[EXERCISE BRIEF]
Line by line, copy the records below exactly and leave the pictures out.
Start of Block
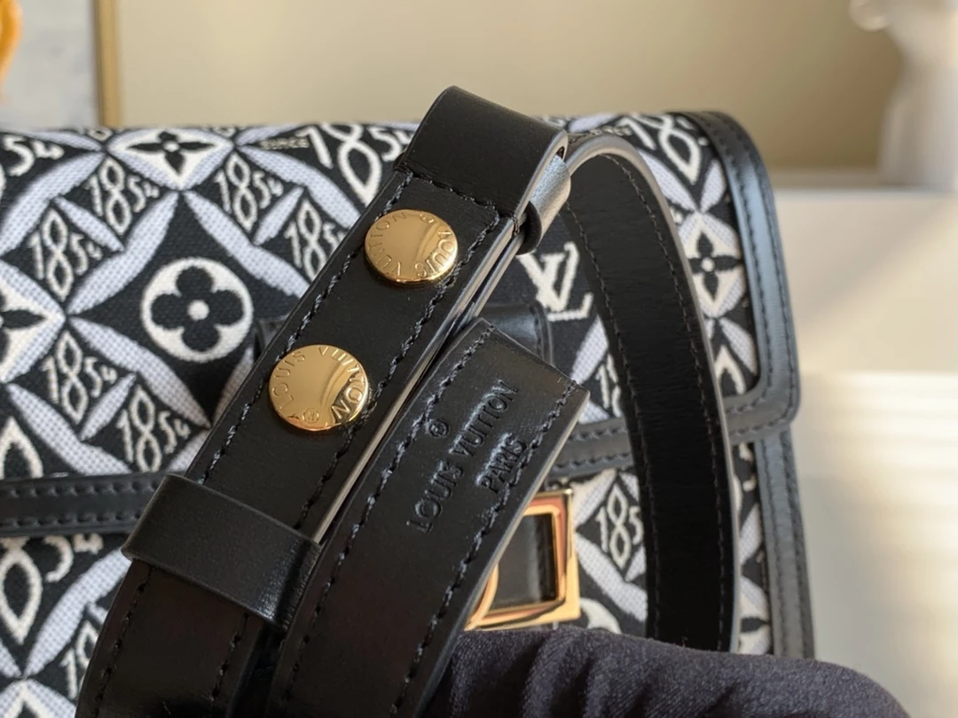 Crafted with the exclusive “AAA-SINCE 1854” jacquard textile, which honors the illustrious history of Louis Vuitton, the bag features an intricate pattern that beautifully blends the iconic LV monogram with the year 1854, marking the brand’s origin. This exquisite material is paired with natural cowhide leather trim that exudes sophistication and resilience.
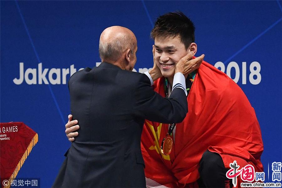 8月20日,中国选手孙杨在颁奖仪式上。当日,在第18届亚运会男子800米自由泳决赛中,中国选手孙杨以7分48秒36的成绩夺冠。
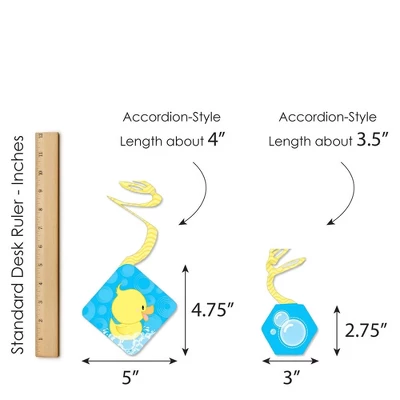 Party Decoration Swirls – Set of 40 INCLUDES 4 different shapes, 10 count per shape, that hang below an accordion-style spiral with included clear hooks. 10 swirls SIZE 5 inches x 5 inches with length about 11 inches. 10 swirls, SIZE 7.75 inches x 5.5 inches with length about 9 inches. 10 swirls, SIZE 5 inches x 4.75 inches with length about 4 inches. 10 swirls, SIZE 3 inches x 2.75 inches with length about 3.5 inches. PERFECT FOR ANY EVENT: With different hanging lengths and a variety of shapes and sizes, Party Decoration Swirls are perfect for baby shower or birthday parties. Add a pop of color when displayed over the gift table or dessert buffet. Or, add your own string if you would like them to hang lower in your party space. EASY TO USE: Each decoration swirl in the 40-piece set has a pre-cut hole for easy assembly using the included clear hooks. Party decoration swirls will arrive flat. Take a clear hook and insert the bottom bar into the pre-cut hole. Once the clear hook is fastened, gently stretch the swirl and hang it up. HIGH-QUALITY PARTY SUPPLY: Ducky Duck Party Decoration Swirls are professionally printed and double-sided on heavy-duty cardstock paper. They are individually cut, inspected, and carefully packaged. Each swirl will use one clear hook. MADE IN THE USA: Party Decoration Swirls are designed and manufactured at our Wisconsin facility using materials that are Made in the USA.
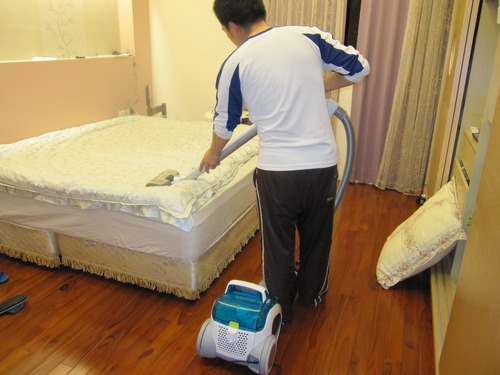 這是老婆大人之前睡的床(長193公分、寬150公分),因為是要睡的,雖然不是新的,至少維持得算是乾淨,看不出來有什麼問題,不過我們還是要用Electrolux Z-8280來檢驗它。
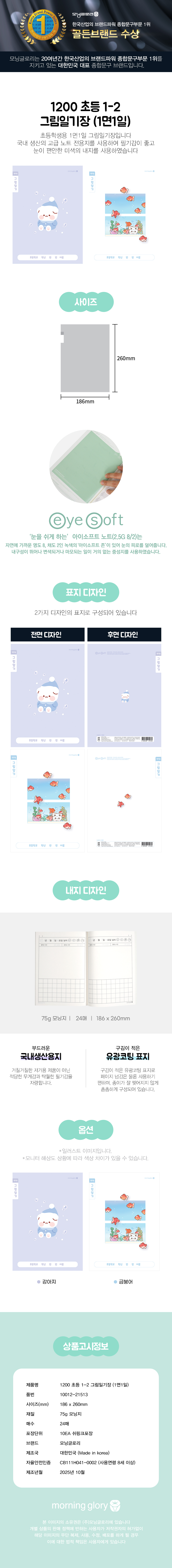 품명초등 1-2 1면1일 그림일기장(디자인랜덤/모닝글로리)
End of Block
[TASK RESULT]
 Crafted with the exclusive “AAA-SINCE 1854” jacquard textile, which honors the illustrious history of Louis Vuitton, the bag features an intricate pattern that beautifully blends the iconic LV monogram with the year 1854, marking the brand’s origin. This exquisite material is paired with natural cowhide leather trim that exudes sophistication and resilience.
 8月20日,中国选手孙杨在颁奖仪式上。当日,在第18届亚运会男子800米自由泳决赛中,中国选手孙杨以7分48秒36的成绩夺冠。
 Party Decoration Swirls – Set of 40 INCLUDES 4 different shapes, 10 count per shape, that hang below an accordion-style spiral with included clear hooks. 10 swirls SIZE 5 inches x 5 inches with length about 11 inches. 10 swirls, SIZE 7.75 inches x 5.5 inches with length about 9 inches. 10 swirls, SIZE 5 inches x 4.75 inches with length about 4 inches. 10 swirls, SIZE 3 inches x 2.75 inches with length about 3.5 inches. PERFECT FOR ANY EVENT: With different hanging lengths and a variety of shapes and sizes, Party Decoration Swirls are perfect for baby shower or birthday parties. Add a pop of color when displayed over the gift table or dessert buffet. Or, add your own string if you would like them to hang lower in your party space. EASY TO USE: Each decoration swirl in the 40-piece set has a pre-cut hole for easy assembly using the included clear hooks. Party decoration swirls will arrive flat. Take a clear hook and insert the bottom bar into the pre-cut hole. Once the clear hook is fastened, gently stretch the swirl and hang it up. HIGH-QUALITY PARTY SUPPLY: Ducky Duck Party Decoration Swirls are professionally printed and double-sided on heavy-duty cardstock paper. They are individually cut, inspected, and carefully packaged. Each swirl will use one clear hook. MADE IN THE USA: Party Decoration Swirls are designed and manufactured at our Wisconsin facility using materials that are Made in the USA.
 這是老婆大人之前睡的床(長193公分、寬150公分),因為是要睡的,雖然不是新的,至少維持得算是乾淨,看不出來有什麼問題,不過我們還是要用Electrolux Z-8280來檢驗它。
 품명초등 1-2 1면1일 그림일기장(디자인랜덤/모닝글로리)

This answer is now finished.